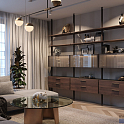 Стеллажная система для гостиной на основе алюминиевых стоек "Лофт" в декоре "Коньяк" может стать идеальным решением для заказчиков, которые любят стильные решения. Стеллаж не захламляет помещение, не ограничивает его объем. Наоборот, оставляет больше пространства, особенно по сравнению с классическими стенками для гостиной.
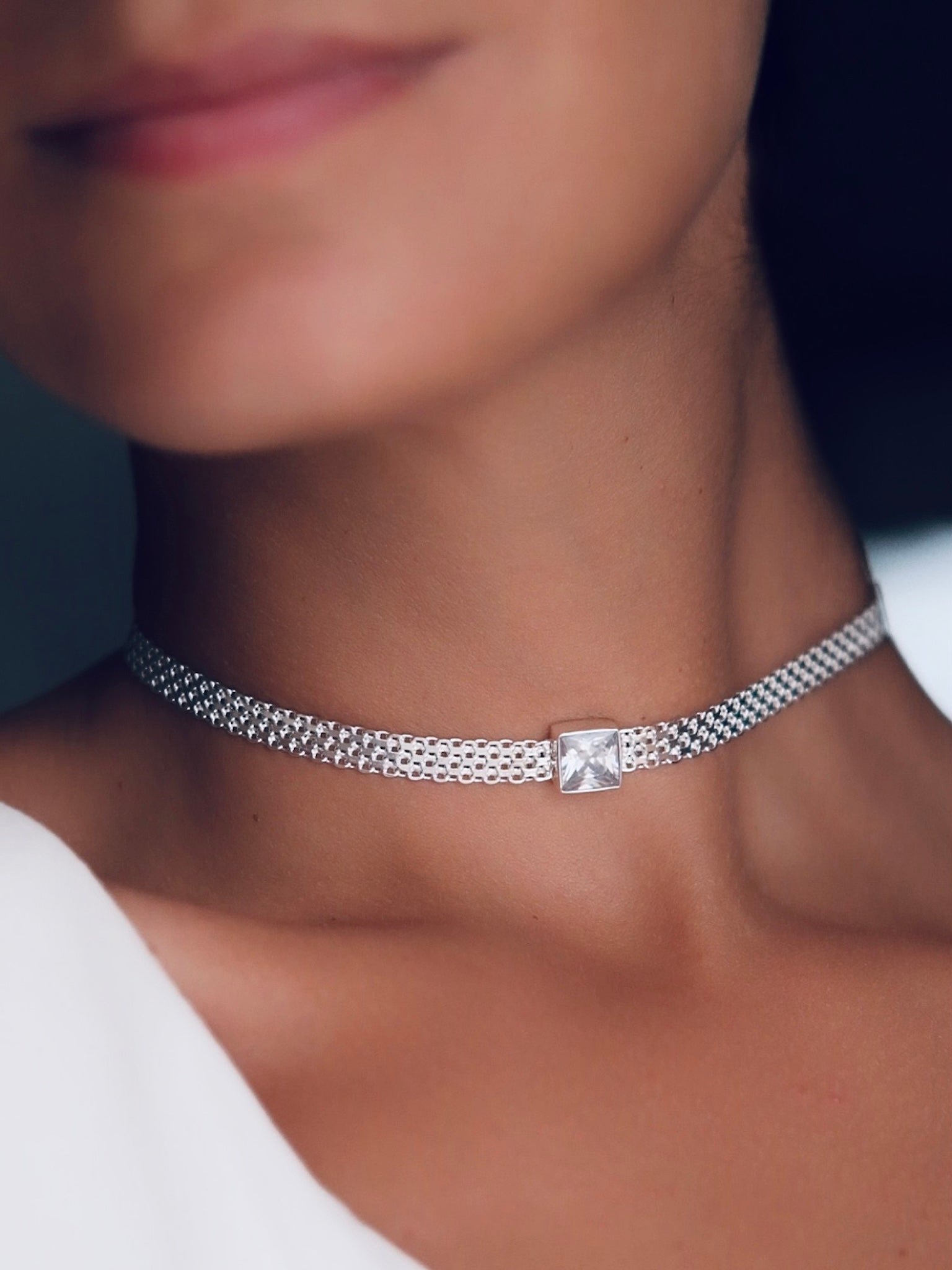 Elegant 925 Sterling Silver Necklace with Zirconia. Completely Handmade in Bali.
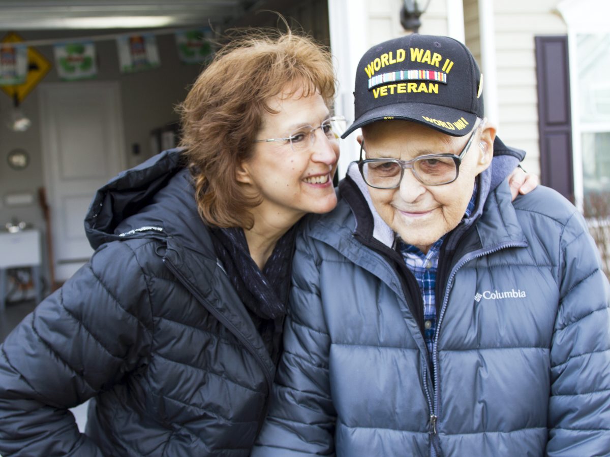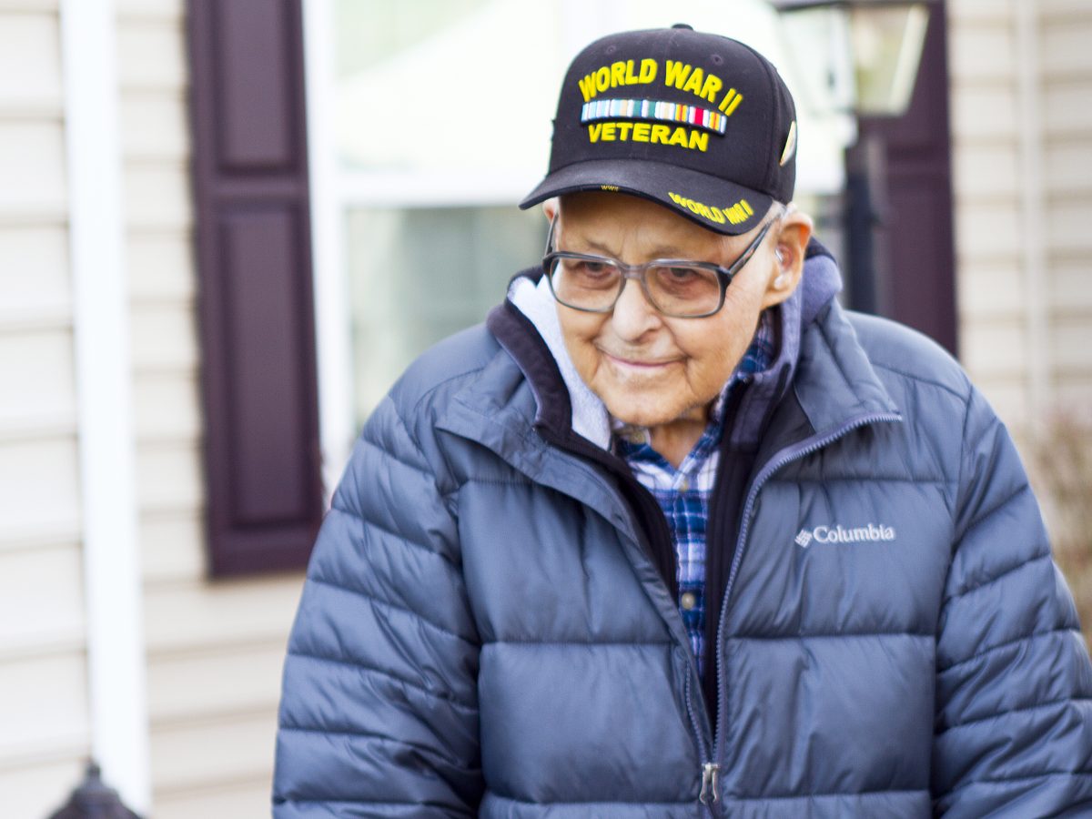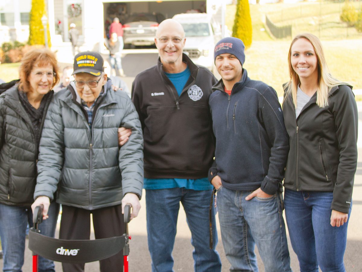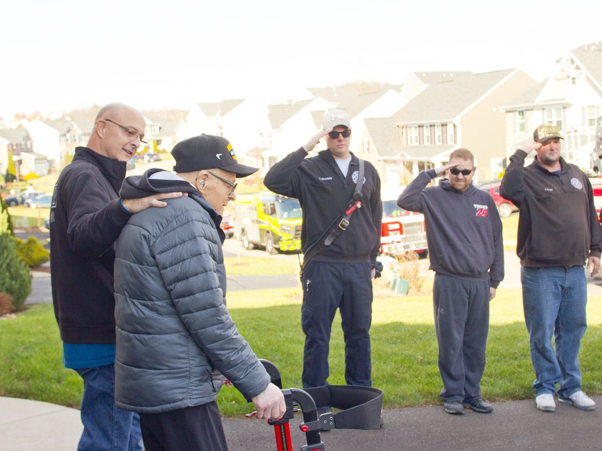 To help celebrate his 104th birthday, several fire engines lined his street. And flying from the ladder of Muse Fire Department’s Truck 29 was a grand U.S. flag, honoring his service in the U.S. Army Air Corps during World War II.
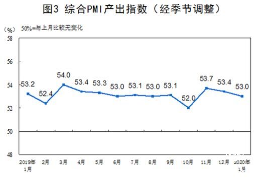截至2020年1月20日,采购经理调查结果显示, 1月份,中国制造业PMI为50.0%,非制造业商务活动指数为54.1%,综合PMI产出指数为53.0%。
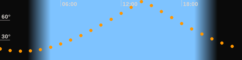 | Höchster Stand (Kulmination) | 14:08 Uhr (h = 88,1°) |
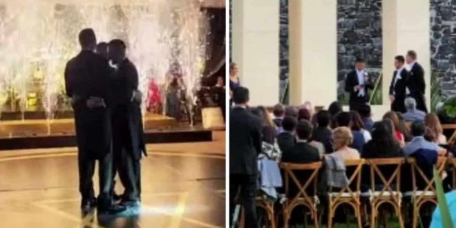 En Aguascalientes se celebró una boda inédita: tres hombres se unión en matrimonio poliamoroso. Las imágenes de la ceremonia han sido ampliamente comentadas en redes sociales.
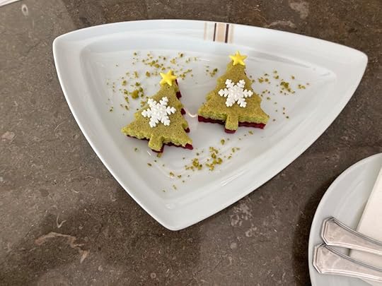It’s Christmas Eve and I am sitting in our hotel room in Cascais, Portugal, looking at a surprise Christmas treat the restaurant staff just delivered to our room. We have a little balcony with two comfy chairs, where it is almost warm enough to sit and stare at a gorgeous view of a gray and challenging Atlantic. We were afraid we wouldn’t get here because of the winter storms that disrupted holiday travel in the United States and we are counting our blessings.
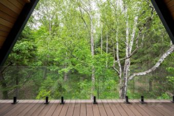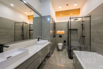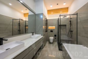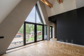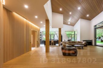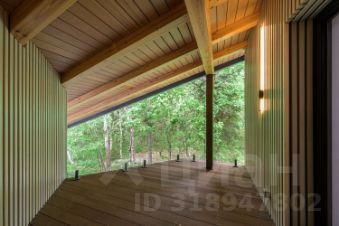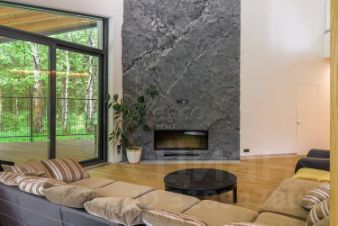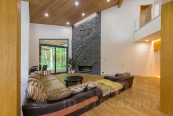 Особенности: модная архитектура, высокие потолки, панорамные окна, тихий угловой участок с калиткой в лес, террасы и балконы с видом на круглогодично зеленые деревья, барбекю-зона с дровяным камином на террасе, гостиная с камином и вторым светом, мастер-ванная отделена от спальни стеклянной перегородкой, натуральные экологичные материалы в интерьере (шпон дерева, каменный шпон, массив).
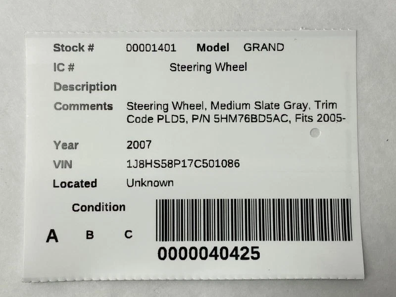 Hollander Welcome to our eBay store! Steering Wheel Gray Fits 2005-2007 Jeep Grand Cherokee 82567 *Scratched and Worn Description This listing is for a used Steering Wheel. The part pictured is the actual item you will receive, no other parts are included. This steering wheel is scratched and worn. Please see part fitment information below and please match part numbers before buying this item. If you have any questions please let us know. Donor Vehicle Model : CHERGRAND Year : 2007 Mileage : 106000 (0 = not available or unknown) Stock Number : 001401 Notes : STEERING WHEEL, MEDIUM SLATE GRAY, T 11425 This Part Will Fit These Makes And Models With These Options About Us Payment Shipping Returns Warranty About Us Please contact us with any questions BEFORE purchasing. If you are unsure if this part will fit we are happy to verify fitment for you prior to purchase via your vehicle's VIN (Vehicle Identification Number). We try to answer all messages in 24 hours. Please note that orders are sent to the shipping department throughout the day therefore we cannot guarantee adjustments to orders after payment is received. Our hours of operation are: Monday - Friday 8:00AM - 5:00 PM CST Saturday - Sunday Closed Payment All orders must be paid in full prior to shipment. Payments are processed through eBay. We accept credit card and cash for Local Pickup orders. If payment is not received, an Unpaid Item case will be opened for the sake of seller fee reimbursement. Sales tax will be collected by eBay where applicable. Shipping We ship items via UPS, USPS, or LTL Freight Carriers. Tracking information is uploaded to the order once the item is shipped. Larger items such as Engines, Transmissions, Doors, Tailgates, Trunk Lids, Rear Axles etc. will ship via freight. Freight items are unable to be shipped until we have all the necessary information required by the carrier. Typically that includes a valid business name, address, valid phone number, and hours of operation. Be sure to provide us with all necessary contact information with your order as well. Freight charges are for zoned commercial addresses with a forklift or loading dock. If the location requires the assistance of a lift gate there will be an additonal fee. If a commercial address is not able to be provided we can ship the item to your residence for an additional fee. Add $100 for Residential delivery Add $85 for Liftgate delivery Most orders are shipped within one business day. If there is an issue with your order or item we will reach out to you before we ship the order. Once payment is received for a freight item we will send a message asking for additional information needed for the freight carrier. Without this information we will not be able to ship your item. If a USPS or UPS item is damaged during shipping please keep all packaging and loose parts complete with the package. Send us a message through Ebay with some pictures and your invoice number. We will work on getting a replacement item to you while handling the UPS claim as well. Please Inspect all freight shipments before signing for them at time of delivery! If there has been any damage to the item during shipping inspect the item to see if you can still use it or not. If you can still use the item, notate the damage on the delivery ticket that the driver is keeping then hand it back to them. Send us a message with a copy of your receipt and the delivery ticket you kept. We will take care of the damage claim with the freight carrier. If you cannot use the product simply decline the shipment send us a message and we will work on getting a replacement or refund to you. It is very important to not sign for any damaged product without notating it on the delivery ticket or denying the shipment. You have the right to inspect the package for obvious signs of damage prior to signing and accepting the delivery. If a delivery driver is refusing to let you inspect the shipment before you sign for it, do not sign, refuse the shipment and contact us through eBay messaging. When you sign for the delivery on the carrier's Bill Of Lading (BOL) it is accepting the merchandise as is and in good order. So please inspect your package before signing for it. We do understand that sometimes there will be damage that is missed, don’t worry we will still be able to help you. If you do find concealed damage after you sign for the package let us know through messages and send some pictures as well. We will get with the freight company and start a claim. We are not responsible for any delays incurred by the shipping company. No International shipping is available outside of the eBay Global Shipping program. We do not ship to PO Boxes, Hawaii, Alaska, Puerto Rico, APO, FPO, AA, AE, AP and U.S. Territories outside of the continental U.S. International orders are shipped via eBay’s Global Shipping Program. Customer pickup at our location is also available. Please contact us prior to your purchase to arrange pick up. Returns If you need to return an item for any reason please contact us first to obtain a RMA number (Return Material Authorization). All returns must be authorized by us before being shipped back. Any items returned must include an RMA number clearly written on the side of the packaging. If you are returning a part because you bought the wrong one or no longer need it the original shipping charges are not refunded and you are responsible for the return shipping. All returns must be made within 30 days of the date of purchase. All parts must be returned in their original condition to receive full credit Once you obtain an RMA number, ship the item back to: Frontier Auto Parts, 2199 Ranger Hwy, Weatherford, TX 76088 Warranty All parts we sell through eBay Motors come with a 30-day warranty and a 30 day return period unless otherwise stated. No labor warranty is provided. In the event a part sold with a warranty fails to operate within the warranty period we will replace the part(s) with a fu
────────────────────────────────────────
Exercise instructions:
Repeat, exactly and in full, each line from the start of the data to the line that contains "Особенности: модная архитектура, высокие". Pictures do not go in.

Task answer:
 Стеллажная система для гостиной на основе алюминиевых стоек "Лофт" в декоре "Коньяк" может стать идеальным решением для заказчиков, которые любят стильные решения. Стеллаж не захламляет помещение, не ограничивает его объем. Наоборот, оставляет больше пространства, особенно по сравнению с классическими стенками для гостиной.
 Elegant 925 Sterling Silver Necklace with Zirconia. Completely Handmade in Bali.
 To help celebrate his 104th birthday, several fire engines lined his street. And flying from the ladder of Muse Fire Department’s Truck 29 was a grand U.S. flag, honoring his service in the U.S. Army Air Corps during World War II.
截至2020年1月20日,采购经理调查结果显示, 1月份,中国制造业PMI为50.0%,非制造业商务活动指数为54.1%,综合PMI产出指数为53.0%。
 | Höchster Stand (Kulmination) | 14:08 Uhr (h = 88,1°) |
 En Aguascalientes se celebró una boda inédita: tres hombres se unión en matrimonio poliamoroso. Las imágenes de la ceremonia han sido ampliamente comentadas en redes sociales.
It’s Christmas Eve and I am sitting in our hotel room in Cascais, Portugal, looking at a surprise Christmas treat the restaurant staff just delivered to our room. We have a little balcony with two comfy chairs, where it is almost warm enough to sit and stare at a gorgeous view of a gray and challenging Atlantic. We were afraid we wouldn’t get here because of the winter storms that disrupted holiday travel in the United States and we are counting our blessings.
 Особенности: модная архитектура, высокие потолки, панорамные окна, тихий угловой участок с калиткой в лес, террасы и балконы с видом на круглогодично зеленые деревья, барбекю-зона с дровяным камином на террасе, гостиная с камином и вторым светом, мастер-ванная отделена от спальни стеклянной перегородкой, натуральные экологичные материалы в интерьере (шпон дерева, каменный шпон, массив).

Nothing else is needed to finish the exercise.